JB: That's a great question. In my book, I talk about my fear that over the next twenty years we as a nation will become ever more obese and unhealthy but this time, instead of walking around with low-fat junk food, we'll be carrying our low-carb cotton candy, our low-carb hot dogs on our low-carb buns and drinking vats of low-carb slurpees. If that happens we will have traded one idiotic sound byte for another. We need to get away from the notion that "carbs are bad" and from the notion that as long as something doesn't have carbs, it's fine to eat. That's what we did in the 80's with fat and look how that turned out.

There is just no substitute for being conscious about our food choices. Yes, most of our junk food happens to be processed carbohydrates, but not all carbohydrates are junk food. And just because something is low-carb does not mean it is healthy it doesn't even mean that it's non-fattening!

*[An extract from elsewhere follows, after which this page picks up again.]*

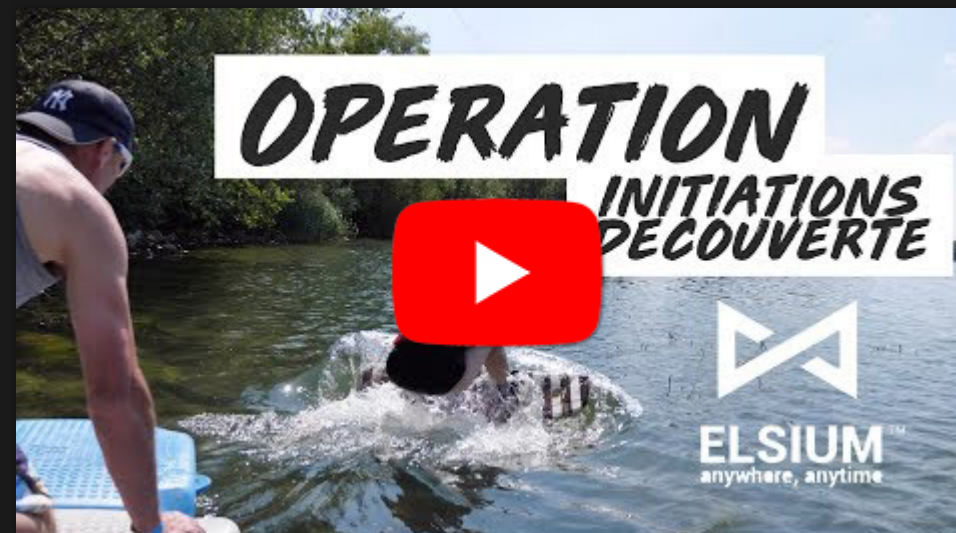
Journée Olympique - Vaires-Torcy (77)

LCLM: How do you see the future of "low carb"?

JB: I hope that we will reach a point and this may be a way off where we significantly dial down the contribution of junk food to our daily diet. I don't see this happening right away, because there are huge political and social obstacles to that scenario. But I do see the country gradually awakening to the contribution food makes to our health crisis and demanding that our food suppliers begin to be more responsible.

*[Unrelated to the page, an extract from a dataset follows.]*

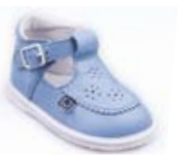
RA 0302-1N/BABEL Zvršok: koža-NAPA Veľkosti: 18-21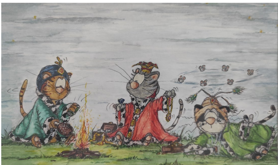
Die Unheiligen drei Könige von Ilka Danner

Wir haben ganz viele positive Rückmeldungen erhalten und das Ganze hat uns ca.800.00 CHF in die Spendenkasse gebracht. Unterstützt wurden wir zudem in der Adventszeit auch von der Illustratorin Ilka Danner aus Deutschland. Sie hat mit lustigen Geschichten, Gedichten und besonders tollen Zeichnungen viel Freude in die Adventszeit gebracht.

In the immediate future, I see an enormous groundswell of people such as the ones reading this website who are tired of eating garbage masquerading as healthy food and are willing to go out on a limb and try some new ideas about healthy eating even if those ideas haven't yet been entirely accepted by the dietary establishment. We need to remember that this way of eating has been around for as long as the human genus has been on the planet, some 2  1/2 million years.

After all, let's remember that the cavemen didn't eat "low fat" wooly mammoths.